The robot caddie turned to the man and said, "No sir.. Use your 3 wood. A driver is far too much club for this hole." Hesitantly, the golfer pulled out his 3 wood, made good contact with the ball, and the ball landed about 10 feet to the right front of the hole on the green.

The golfer, delighted, turned to the robot and thanked him for his assistance. As the golfer pulled out his putter he said, "I think this green is gonna break left to right." The robot then again spoke up and said, "No sir. I do believe this green will break right to left."

Thinking about the last time the robot corrected his prediction, he decided again to listen to the machine. He made his putt and birdied the hole thanks to the robot and his advice. But his luck didn't end there. His entire game was the best game he ever played, thanks to the assistance of the new robot golf caddie.

Upon returning to the clubhouse, the man behind the counter asked, "How was your game ?" The golfer stated, "It was, by far, the BEST game I ever played. Thank you very much for letting me take one of your robots. See you next week."
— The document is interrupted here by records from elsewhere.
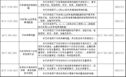 本次公告共有9项汽车行业标准公布,包括《微型货车防雨密封性试验方法》、《汽车紧固连接螺栓轴力测试 超声波压电陶瓷片法》、《汽车微电机用换向器》、《汽车用USB功率电源适配器》、《汽车用蜂鸣器》、《汽车材料中六价铬的检测方法》、《车用动力电池回收利用、单体拆解技术规范》等,根据公告,这批汽车行业相关的行业标准全部将从2022年2月1日起实施。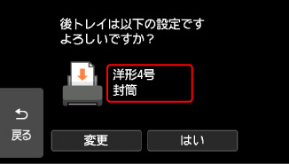 表示された用紙のサイズと種類が、後トレイにセットした封筒と同じであれば[はい]を選ぶ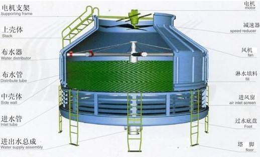冷卻塔主要靠機(jī)械通風(fēng)冷卻循環(huán)熱水。用泵將循環(huán)熱水送到水分布器噴出水沿著填料下淋落到水池。由風(fēng)機(jī)將冷空氣引入與下淋的熱水接觸進(jìn)行熱交換將水冷卻。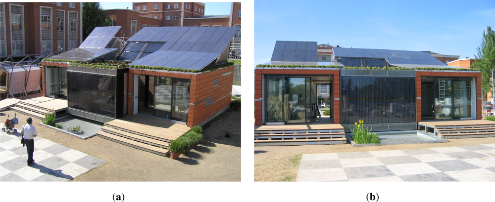 The collaborative sensor network presented in this paper has been developed on a prototype of a self-sufficient solar house called “MagicBox” (see Figure 1). This house integrates sustainability elements based on the use of renewable energies, self-sufficiency energy methods and recycled construction materials. The electric self-sufficiency of “MagicBox” is based on consuming the maximum amount of energy at the same time it is produced, by means of a suitable control system. Moreover, the exploitation of its bioclimatic design reduces the energy needs to achieve adequate comfort levels inside the house [12]. It is an example of added value for PV electricity which arises from the combination of modern hybrid PV technology with a lead-acid battery storage system and DSM strategies in the residential sector. It consists of a 7 kWp PV generator, 7.5 kW grid connection, 9 kWh of lead-acid battery storage capacity with a 5 kWp battery inverter and electricity meters. It includes electrical appliances typical of a highly electrified home. The most consuming ones (i.e., kitchen and laundry appliances) can be remotely controlled using Information and Communications Technologies (ICTs).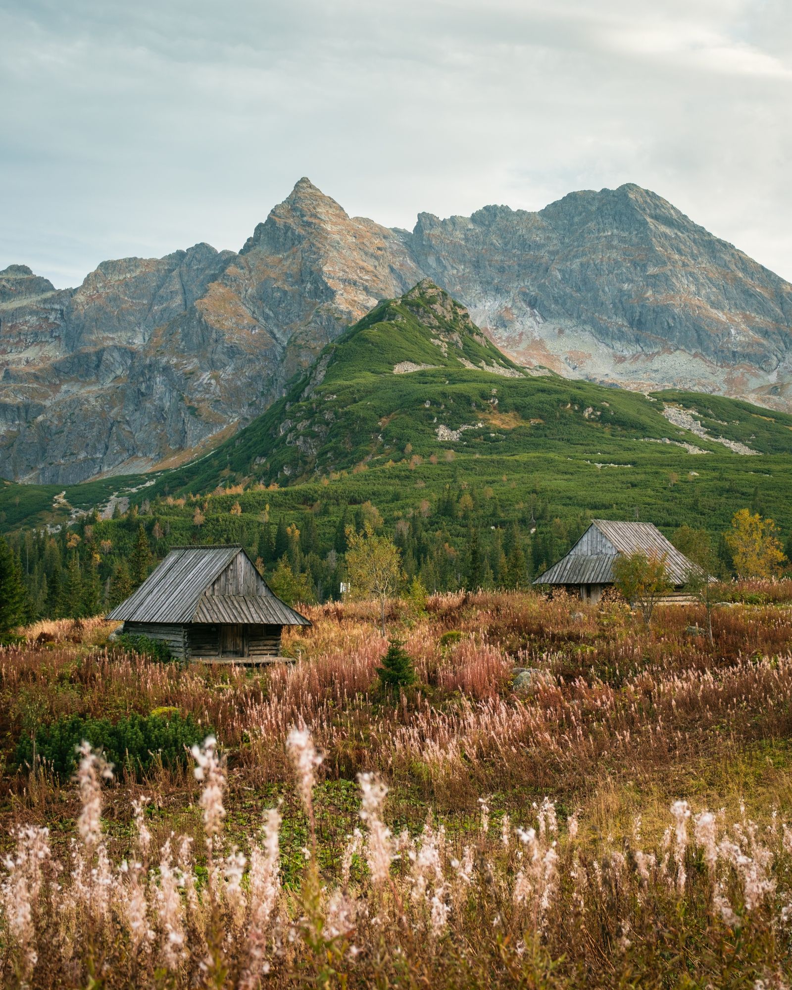 View of the Tatra Mountains and huts at Dolina Gąsienicowa, in Zakopane, Poland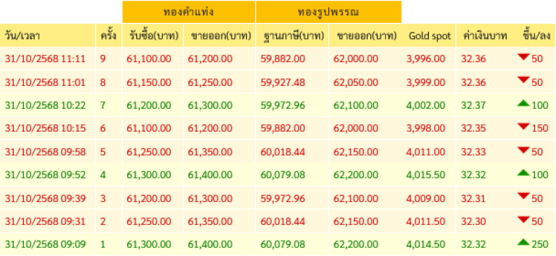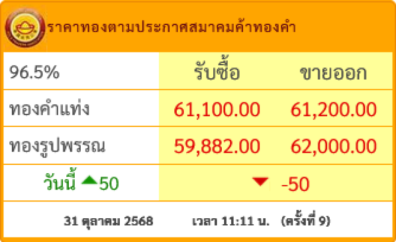 ราคาทองคำ วันที่ 31 ตุลาคม 2568 เวลา 11:11 น. (ครั้งที่ 9)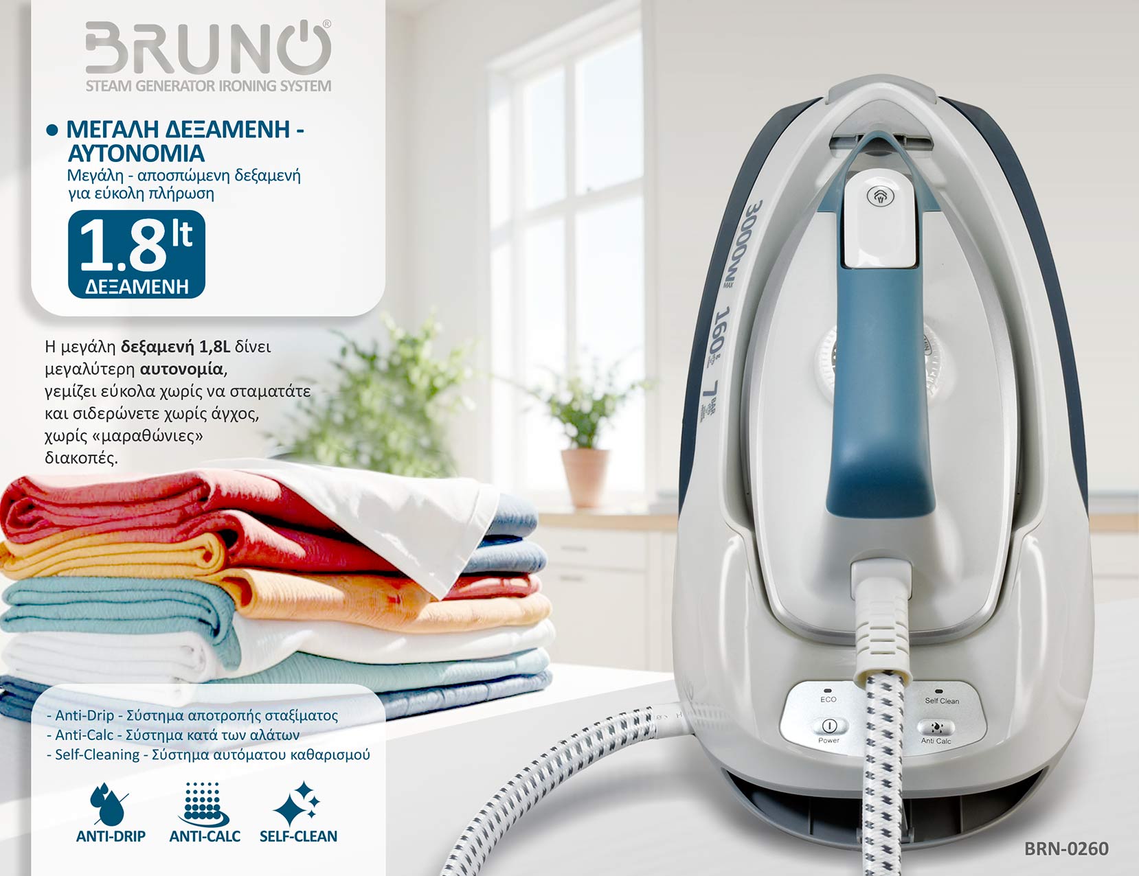 BRUNO BRN-0260 Σύστημα σιδερώματος, πίεσης 7bar με δοχείο 1,8L, 3000W

A week passed, and excited, the golfer returned to the pro shop. Upon entering, he turned to the man behind the counter and said, "I would like 18 holes of golf and one of those robot golf caddies, please."

The gentleman from behind the counter turned to the man and said, "Well the 18 holes is no problem. However, we had to get rid of the robots. We had too many complaints."

"COMPLAINTS? Who in the heck could've complained about those robots? They were incredible"

The man sighed and said, "Well, it wasn't their performance. It was that they were made of shiny silver metal, and the sun reflecting off them was blinding to other golfers on the fair way."

The golfer said, "So then why didn't you just paint them black?"

The man nodded sadly and replied, "We did. Then four of 'em didn't show up for work, two filed for welfare, one of them robbed the pro shop, and the other thinks he's the President."